Constitutional concepts like free speech or the right to bear arms are ingrained in our popular culture, but just 36% of Americans can name all three branches of the federal government.1
Even fewer understand why and how our Constitution allocates power among the Legislative, Executive, and Judicial branches.
As we celebrate Liberty Month, it is worthwhile to review how the Constitution’s separation of powers supplies a key bulwark protecting individual liberty in the world’s most successful Republic.
The Founders were familiar with human nature and the correlative tendency of every ruler towards tyranny. They had experienced oppression at the hands of the English King and realized that the only way to truly protect individual liberty was to limit the power of any single government official.
James Madison, a central architect of the Constitution, rightly observed that if “men were angels, no government would be necessary.”
Federalist No. 51 (1788). He knew that every official or body would seek to accumulate “all powers, legislative, executive, and judiciary, in the same hands,” and that such a concentration would be “the very definition of tyranny.” Federalist No. 47 (1788).
Thomas Jefferson agreed, labeling such a concentration of power as “precisely the definition of despotic government.” Notes on the State of Virginia, Query 13 (1784).
At the national level, the Founders addressed this tendency towards tyranny in two ways. First, they recognized that the only way to limit each official’s power was to limit each office’s power—that is, to divide the sovereign power of government across different offices and separate branches. The Founders therefore divided federal power across three different branches and numerous different officials. They did so both to limit each individual official’s unilateral power and to ensure that the People knew which of their elected officials to hold accountable for different governmental actions.
Second, the Founders wisely realized they could not trust mere “parchment barriers against the encroaching spirit of power,” Federalist No. 48, and thus, to keep officials within those limits, used “ambition to counteract ambition,” aligning the “interest of the man with the constitutional rights of the place.” Federalist No. 51. The Founders thus created a system in which not only does no single official possess plenary power, but officials must also battle each other to exercise power. In that constitutional system, “the private interest of every individual” runs counter to the private interest of every other individual. Id. The Founders ensured, in other words, that each individual official’s inherent desire for more power would serve as a separate “sentinel over the public rights.” Id.
The Founders created this system by dividing the government’s powers among, and even within, three separate and competing branches. Here’s a quick snapshot of how they did it: As Article I of the Constitution makes clear, the Legislative Branch enacts legislation, levies taxes, regulates interstate commerce, appropriates money, and (at least theoretically) declares war. The Constitution further divides the Legislature into two bodies, the House and Senate. The Executive Branch, established in Article II, implements the laws created by Congress, and the President makes treaties, serves as Commander in Chief, and appoints federal judges and principal officers. Finally, the Judiciary, established in Article III, declares what the law is—by interpreting the Constitution and laws, and applying them to specific cases and controversies.
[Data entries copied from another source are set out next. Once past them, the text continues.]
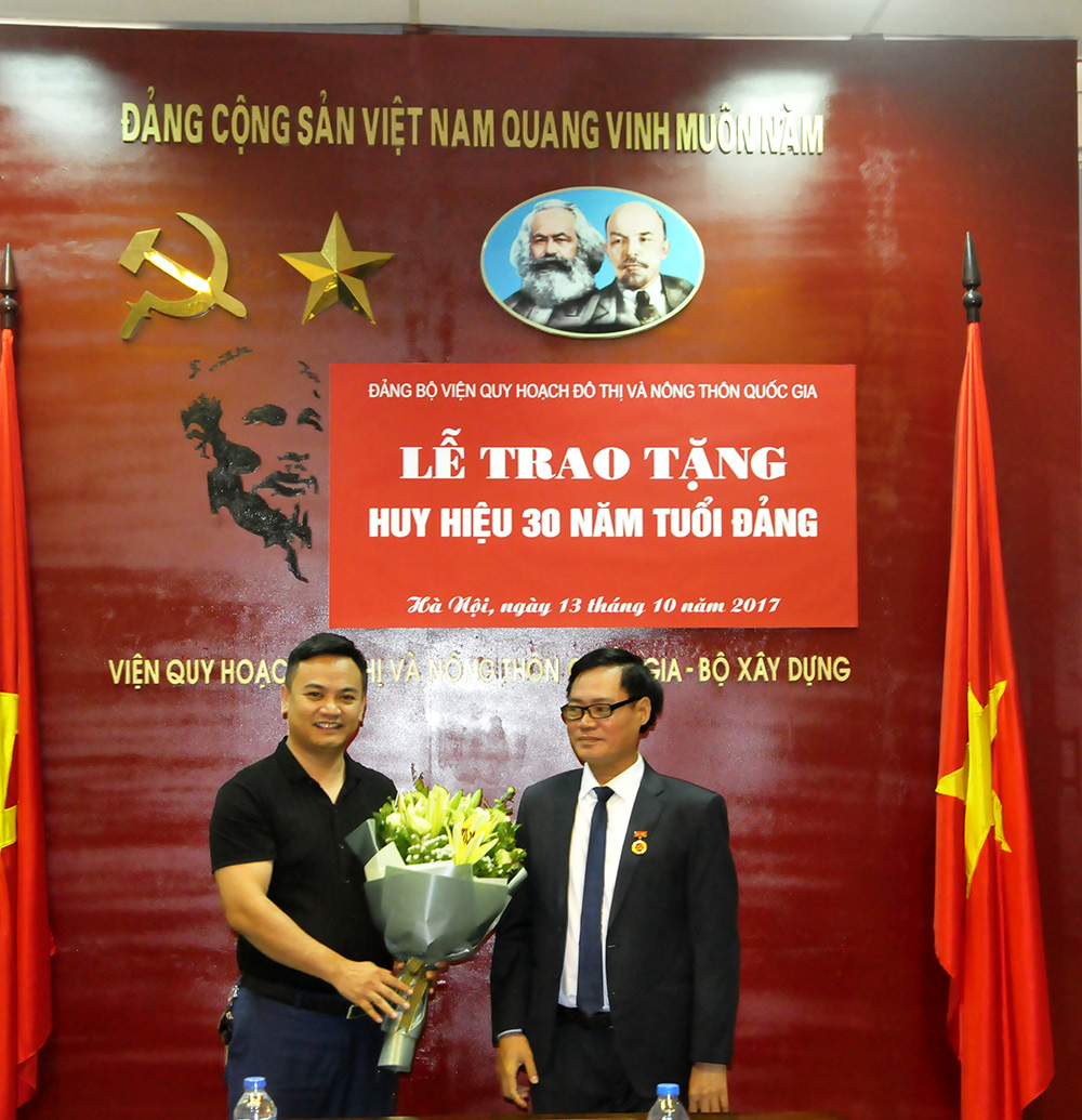 Đồng chí Lưu Đức Cường thay mặt Đảng ủy VIUP trao huy chương 30 năm tuổi Đảng cho đồng chí Phạm Dương Tiếp. Ông cho biết tới nay VIUP có 3 đồng chí được trao Huy hiệu 30 năm tuổi Đảng. Đây là vinh dự đối với đảng ủy Viện, chi bộ Viện QHXD và chính đồng chí Tiếp. Đồng chí Tiếp là cán bộ lâu năm của Viện, trải qua nhiều năm lăn lộn với nghề và đã có những đóng góp vào sự thành công của VIUP. Ông chúc mừng đồng chí Phạm Dương Tiếp và mong rằng đồng chí Tiếp phát huy tốt vai trò gương mẫu của mình trong mọi hoạt động của đơn vị và của Viện.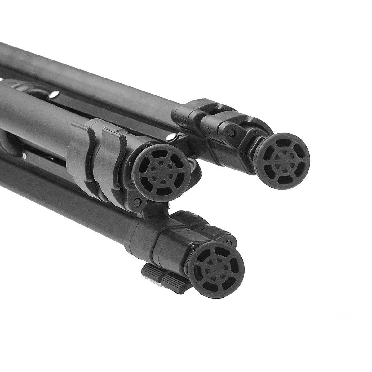 Sekcje nóg blokowane są za pomocą zacisków z tworzywa sztucznego. Każda z nóżek osadzona jest na przegubie kulowym dzięki czemu stopki łatwo dopasowują się do podłoża. Nóżki składane klasycznie, teleskopowo (3 sekcje).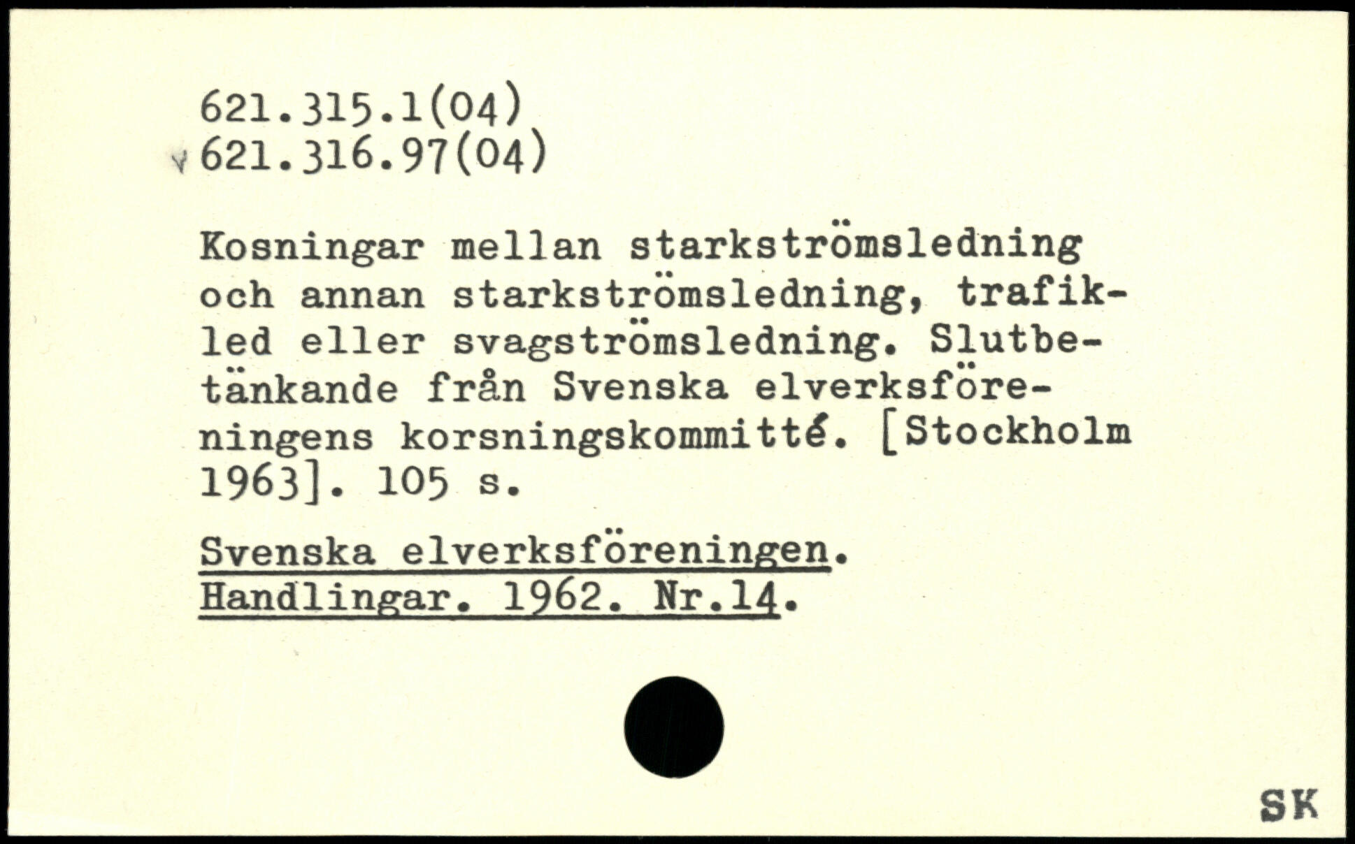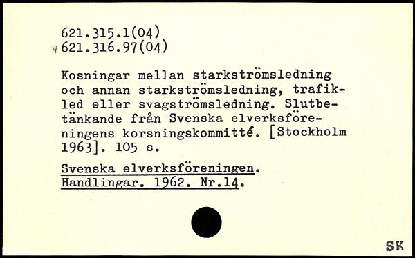 Kosningar mellan starkströmsledning och annan starkströmsledning, trafikled eller svagströmsledning. Slutbetänkande från Svenska elverksföre-ningens korsningskommitté.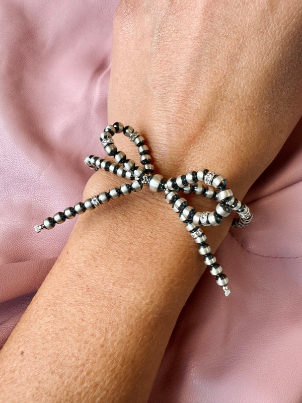 Navajo Pearl Bow Bracelet with CZ Bead Accents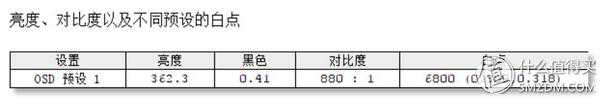 用户校色之后的最大亮度362.3,对比度为880:1,白点在6800。

The Founders then enmeshed each branch’s powers in an elaborate system of checks and balances, whereby the branches (attempt to) keep each other in line. For example, although Congress enacts legislation, the President can veto it (subject to an override by a two-thirds vote of each house of Congress). While the President appoints officers, the Senate has the power to give advice and consent to those appointments, and also to the President’s treaties. And although federal judges enjoy life tenure and salary protection, they are empowered only to apply the law rather than make it, and they can be impeached.
This system cannot function, though, if the branches do not fulfill their constitutionally-designated roles and jealously guard their prerogatives when other branches encroach. The system fails and liberty suffers if the Executive acquiesces in congressional action that divests it of executive power; if Congressional representatives become so obsessed with merely remaining representatives that they are supine in the face of Executive overreach; or if the Judiciary fails to leave the legislating to Congress. For many decades, the branches took their duties seriously and defended their powers against one another. But in a world where officials stand aside as the other branches reallocate power to themselves (or to unaccountable independent agencies), one could be forgiven for wondering whether our society still understands that the separation of powers is a large part of why our Republic has long endured.
The Framers carefully calibrated the Government’s powers among the three branches with the aim of cabining governmental power in order to preserve liberty. During Liberty Month, we would do well to brush up on these principles. They will be needed in the days ahead.
Ryan J. Watson and James M. Burnham are appellate lawyers at Jones Day. Ryan, a former clerk to Supreme Court Justice Samuel A. Alito, Jr., has been involved in numerous Supreme Court cases; James was the primary brief writer on behalf of Noel Canning in Noel Canning v. National Labor Relations Board, a successful constitutional challenge to “recess” appointments the President purported to make in 2012. The views set forth herein are the personal views of the authors and do not necessarily reflect those of the law firm with which they are associated.
1 Americans know surprisingly little about their government, survey finds, The Annenberg Public Policy Center, University of Pennsylvania (Sept. 17, 2014).